I watched Ryan Blue's excellent "Parquet Performance Tuning" video (here and slides here). But before watching it, it's worth familiarizing yourself with the glossary at the Parquet github page:
Row group: A logical horizontal partitioning of the data into rows. There is no physical structure that is guaranteed for a row group. A row group consists of a column chunk for each column in the dataset.
Column chunk: A chunk of the data for a particular column. They live in a particular row group and are guaranteed to be contiguous in the file.
Page: Column chunks are divided up into pages. A page is conceptually an indivisible unit (in terms of compression and encoding). There can be multiple page types which are interleaved in a column chunk.
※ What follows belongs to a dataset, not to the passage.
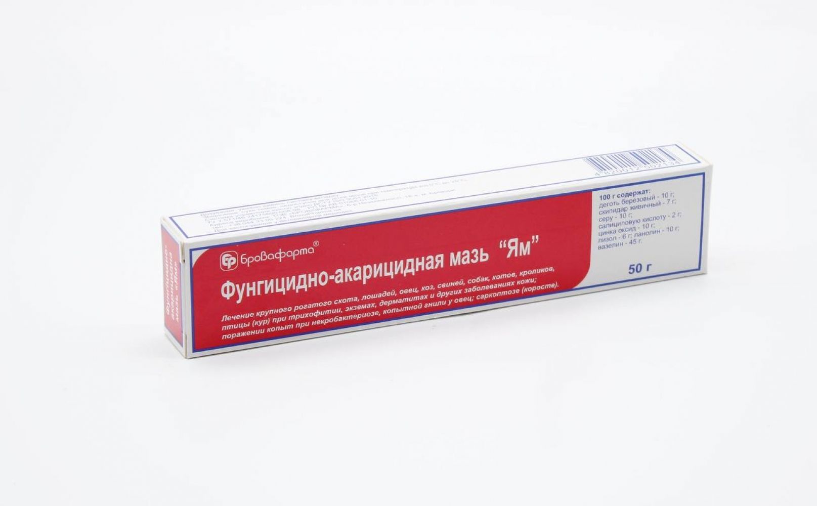 Густа мазеобразная маса від світло-сірого до темно-сірого з коричневим відтінком кольору, має специфічний запах.Состав100 грамів препарату містить:дьоготь березовий (Pix Liquida Betulae) 10 г,скипидар живичний (Oleum Terebithinae) 7 г,сірку (Sulfur) 10 г,саліцилову кислоту (Acidum salicylicum) 2 г,цинку окис (Zinci oxydum) 10 г,лізол (Lysolum) 6 г,ланолін (Lanolinum anhydricum) 10 г,вазелін (Vaselinum) 45 р. Фармакологічні свойстваATCvet QD10A, ветеринарні препарати локального действияПрепарат володіє яскраво вираженими фунгіцидними, бактерицидні та ектопаразитарними властивостями. Вони зумовлені синергічна дією речовин, які входять до складу препарату. Дьоготь березовий діє антисептично і противопаразитарно, виявляє місцеву подразнюючу, вяжучу та підсушуючу дію. Протипаразитарний і протимікробну дію сірки зумовлено здатністю при наявності вологи, лугів і органічних речовин утворювати серчистий ангідрид, сірководень, кисень і серистие луги, які діють кератопластически і кератолитически. Саліцилова кислота при місцевому застосуванні подразнює шкіру і сприяє відторгненню ороговілих клітин епітелію. На ранової поверхні посилює грануляцію, діє бактерицидно, антитоксично, фунгіцидно. Цинку окис проявляє вяжучу, підсушує і дезинфікуючу дію. Лізол проявляє протизапальну, бактерицидну та інсектицидну дію. Вазелін і ланолін в препараті виконують функцію мазевої основи.ДозированиеПеред застосуванням мазь перемішують, оскільки при тривалому зберіганні можливе розшарування компонентів, які входять до її складу. Мазь наносят тонким слоем на пораженние участки кожи и на 2-4 см вокруг них, без предидущего удаления чешуек и вистригания шерсти, при етом ее слегка втирают в кожу. Пораженние участки обрабативают 1-2 раза в сутки до отделения чешуек. Если через 4-5 суток чешуйки не отделились, втирания мази продолжают. Как правило, через 7-10 суток пораженние участки освобождаются от чешуек и на них наблюдается рост волос. После завершения обработки проводят контрольние микроскопические исследования соскобов. При виявленні збудника хвороби лікування продовжують.Протипоказання : ОтсутствуютПредостережение: Особливих застережень не має.Форма випускаТуби або пластикові контейнери по 20, 50, 90 грамів, пластикові контейнери по 250, 500 грамів, 1 кг. ХранениеВ темному місці при температурі від 0 до 25 С. Термін придатності 2 роки.Як купити Ям мазь 50гОформить замовлення через корзинуОформить замовлення за контактними телефонами

Hierarchically, a file consists of one or more row groups. A row group contains exactly one column chunk per column. Column chunks contain one or more pages. The units of parallelization are:
Job | Granularity |
MapReduce | File/Row Group |
IO | Column chunk |
Encoding/Compression | Page |
Tuning Parquet
My notes from the video are:
- Parquet builds a dictionary and "just stores pointers into that dictionary ... basically the big trick in Parquet compression".
- Dictionaries not only save space but can be used for filtering (no entry means that data page doesn't have it). It is highly recommend to implement data locality as it leads to smaller dictionaries.
- Be careful of writing too many files (22'18"). Incoming partitions are not the same as outgoing partitions. That is, the partition key on the incoming file need not be that of the outgoing.
- Look at CPU usage and bytes read not wall time as that can vary (just plain stats).
- Use parquet-tools to see the stats demonstrating that your data really is partitioned as you expect and has sensible splits (eg, A-z is wrong but A-F, f-M etc is better).
- Every row group has its own dictionary (43'10").
- Decreasing row group size increases parallelism.
- "You're going to need a sort anyway if you want to take advantage of stats" (46'10"). See below for a further explanation.
- Brotli compression "does really really well with text data" (47'20").
To take advantage of the stats embedding in the files "you need to insert the data sorted on filtering columns Then you will benefit from min max indexes and in case of orc additional from bloom filters, if you configure them. In any case I recommend also partitioning of files (do not confuse with Spark partitioning)" (see here).
Interestingly, the Parquet documentation has something to say about HDFS block sizes: "We recommend large row groups (512MB - 1GB). Since an entire row group might need to be read, we want it to completely fit on one HDFS block. Therefore, HDFS block sizes should also be set to be larger. An optimized read setup would be: 1GB row groups, 1GB HDFS block size, 1 HDFS block per HDFS file."
Interestingly, the Parquet documentation has something to say about HDFS block sizes: "We recommend large row groups (512MB - 1GB). Since an entire row group might need to be read, we want it to completely fit on one HDFS block. Therefore, HDFS block sizes should also be set to be larger. An optimized read setup would be: 1GB row groups, 1GB HDFS block size, 1 HDFS block per HDFS file."